“Feminism is for everybody”

bell hooks

Introduction

The Quotebank dataset was created on the premises that while quotations are interesting materials by themselves, with an attributed speaker more meaning can be infered (see research paper). In this data story we build upon these premices to ask a few questions about women’s rights and gender equality rhetoric in news articles.

Our questions will make use of the data that contextualize the quotations in Quotebank, namely the date, attributed speaker and the quotations themselves. We will explore who relies on arguments of women’s rights and gender equality, using additional datasets to complete the social profile of the attributed speaker. We are also interested in discovering in which social and political context this rhetoric is used. To this end, we will use additional datasets and natural language processing to higlight some possible links between political events and the evolution of feminist topics in news articles.

Our dataset

Our starting dataset is a selection of quotations about feminism and gender equality. The selection was based on a list of keywords created both manually and automatically. This approach aims at reducing the bias of an exclusively manual keywords list or automatic keywords selection. For the automatic keywords, we scraped the usnews website because they have some topic pages that list all articles on the specified topic. The articles belonging to 5 subjects were selected to form a corpus.

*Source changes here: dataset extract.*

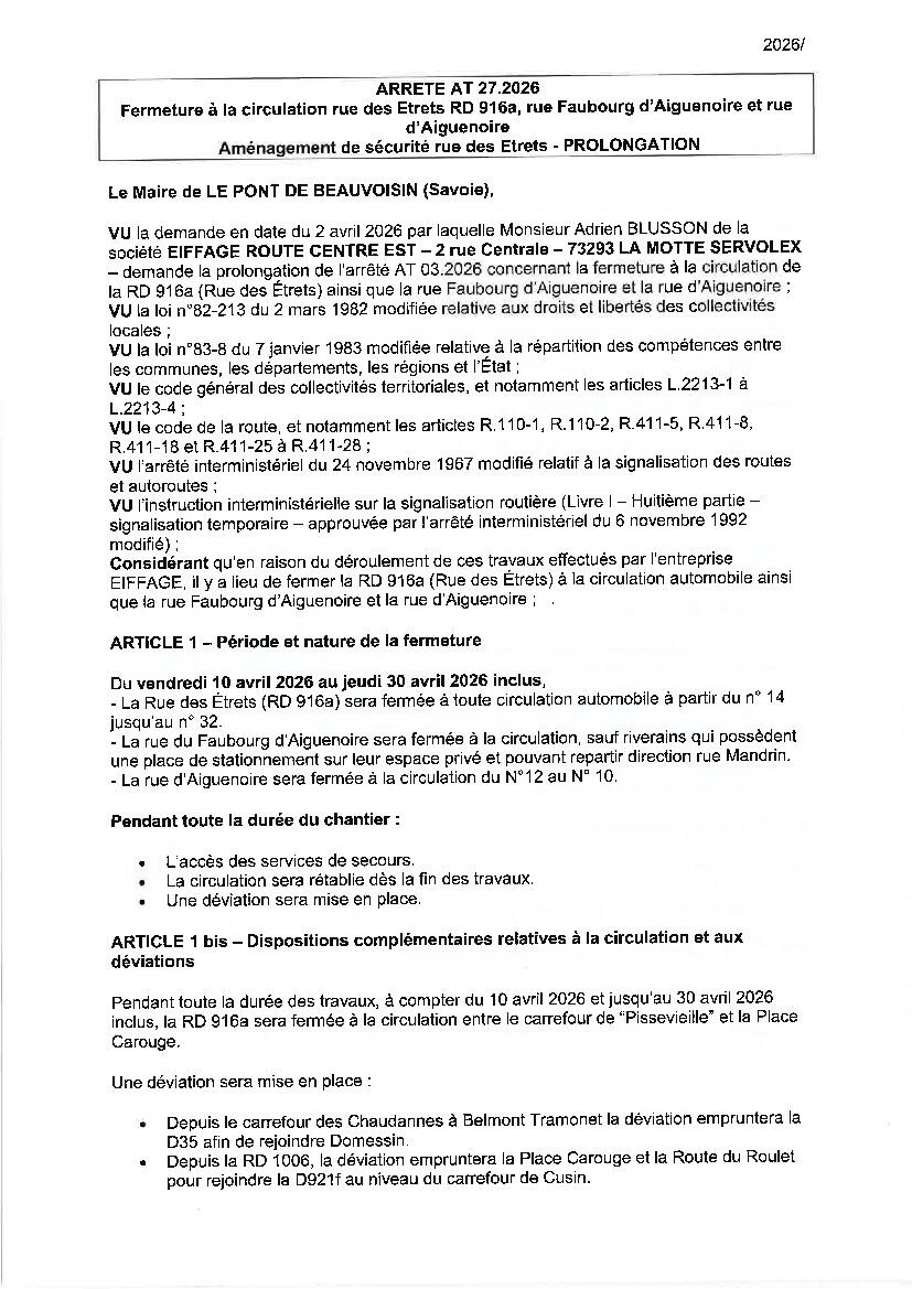 Déviation - route barrée rue Etrets Pont-de-Beauvoisin

feminism gender gender_bias sexism women's rights

From this corpus a list of the frequent bigrams were retrieved. We decided to not count one-grams because they are too general for our purpose, for example women gives a lot of results but they are not always of interest. Finally we end up with a list of 64 keywords used to retrieve quotation from the Quotebank dataset. The final dataset has 87’161 entries related to women’s rights and gender equality rhetoric.

Keywords Number of articles Quotations Number of words Years
64 173,557 87,161 2,324,961 5

In order to decipher what we have in our dataset we created categories within our feminist dataset. The selection keywords were used to split our dataset into 10 categories.

Fig.1 - Quotations distribution over 10 categories. There are 87,161 quotes, from 2015 to 2020.

This supervised method is used to facilitate further investigation on the data by topic. However a few comments are necessary to understand the limitations of such a method. First, some categories have more keywords than other, Indigenous and Sexual violence have respectively 1 and 5 keywords. This can be explained by the fact that the corpus of articles comes from observational data, therefore even at this level our keywords aren’t representative. In addition, the data scientist is more likely to add keywords related to their own situated knowlege1. Note also that the quotations themselves come from observational studies as they have been collected from news articles a posteriori. Therefore it is not guaranted that there isn’t any confounder.

For example it is well known that news article rarely acknowledge feminicide as such (see Data Against Feminicide Project for more information). In this case the low percentage of quotations related to the topic is mainly due to the fact that it is a tabou topic and that no effort can be made to control the data a priori. In our dataset, only 2 quotations mention feminicide.

“We will spare no effort to address discrimination and violence against women, especially feminicide and sexual harassment” Damares Alves

“setbacks to women’s rights, alarming levels of feminicide, attacks on women’s rights defenders, and the persistence of laws and policies that perpetuate submission and exclusion” Antonio Guterres

We would like to attract reader’s attention to another problematic specific to our topic. Since the 1990’s intersectionality – interconnection of race, class, ability and other system of oppressions with gender oppression – has become a focus of feminism. In treating data related to such topics looking at one oppression at a time is likely to miss some important conclusions (see Data Feminism for more information). To start, in the next post we look into an unsupervised method as a way to include more dimensions to our categorization.

Methods

Webscraping for keywords retrieval

To scrape news websites and extract keywords related to women’s right topic we use python libraries that parse html trees (BeautifulSoup) and natural language processing (NLTK) to get the most frequent bigrams. The format of the website has to be manually inspected to define the relevant tag contents. In our case, two tags identifying the column of interest in the primary website page as well as a tag to identify the article itself in the secondary pages are manually determined. The article’s content is cleaned with regular expressions to keep only the relevant part of the text (e.g. copyright ignored).

Keywords

women's right equal opportunities equal rights equal status equal pay gender gap gender discrimination gender equality sexual harrasment women empowerment women victim women immigration women emancipation women's participation western women non-western woman Muslim women Muslim woman equal wages gender equality gender equity men and women women and men women oppression abortion niqab ban struggle of girlsstruggle of women war against women oppression of girls oppression of women women oppression women's opression liberate women religious oppression abuse of women male oppression female oppression exploitation of women Indigenous women patriarchal culture gender equality child care men pay percentage men pay percentage sexual harassment women girls girls women rates women women according female mayors share women women movement see women gender stereotypes gender gap women representation sex discrimination women rights woman time based gender female candidates gender-based violence entirely female

  1. In this study the data scientist choosing the keywords is a white, cisgender, middle-class, able women.